PageRank Application in Sports Performance Assessment
Source: http://www.sloansportsconference.com/wp-content/uploads/2017/02/1494.pdf
While PageRank primarily serves as the algorithm driving Google’s search engine, since its creation in 1998 there have been multiple applications in PageRank in a variety of fields, ranging from biology to statistics. One of these applications is found in sports performance assessment, specifically the evaluation of professional athletes. Player performance is often assessed using offensive statistics (ex. Points scored per game, total goals scored, etc.) and defensive statistics (steals per game, blocks per game, etc.). However, there are few instances of qualitative assessments used to evaluate player performance within the flow of the game. Shael Brown’s paper A PageRank Model for Player Performance Assessment in Basketball, Soccer, and Hockey describes a PageRank application that emphasizes involvement in successful plays and defensive turnovers, measures that determine the outcome of the game. Consequently, players who do not impressively fill up the stat sheet can still have high qualitative impact on the outcome of the game.

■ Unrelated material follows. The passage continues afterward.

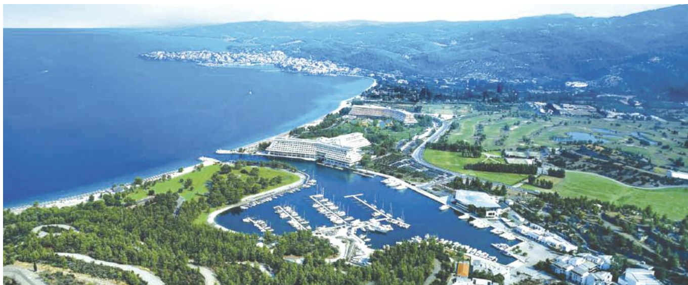
Porto Carras Grand Resort, Sithonia, Greece

First, a directed graph is initialized and centered around a single ‘goal’ node indicating, for example, a basket made in basketball or a goal scored in soccer. There is an arc from the goal node to each player node and back. So for a three-on-three basketball game, there would be 2 arcs per player and goal, one from the goal to the player and one from the player to the goal. Additionally, there is an arc from the goal node to itself. Thus for a three-on-three basketball game we start with a total of 7 directed arcs. We then update the arcs on the graph based on several play sequences. Consequently, there could be multiple arcs from one node to another, so we update this measure as well. After traversing through the entire play sequence, an adjacency matrix is constructed, where the value at cell (i, j) represents the number of arcs from node i to node j. Then a transition matrix T is constructed, where each value Ti,j is the number of arcs from i to j divided by the total number of outgoing arcs from i. Afterwards we find the eigenvector of the transpose of T with eigenvalue 𝝺 = 1. This eigenvector v is the unique PageRank vector of the transition matrix. We can then use this PageRank vector to compute the relative ranks of each player. Because of the nature of this process, players who create plays for others (i.e. passing, assisting) and force turnovers on defense benefit the most. Although the mathematical computation is more complex, the PageRank algorithm in this sports performance context is similar to PageRank computation for search engines in the sense that player nodes are analogous to web pages and the passes or deflections are similar to endorsement links.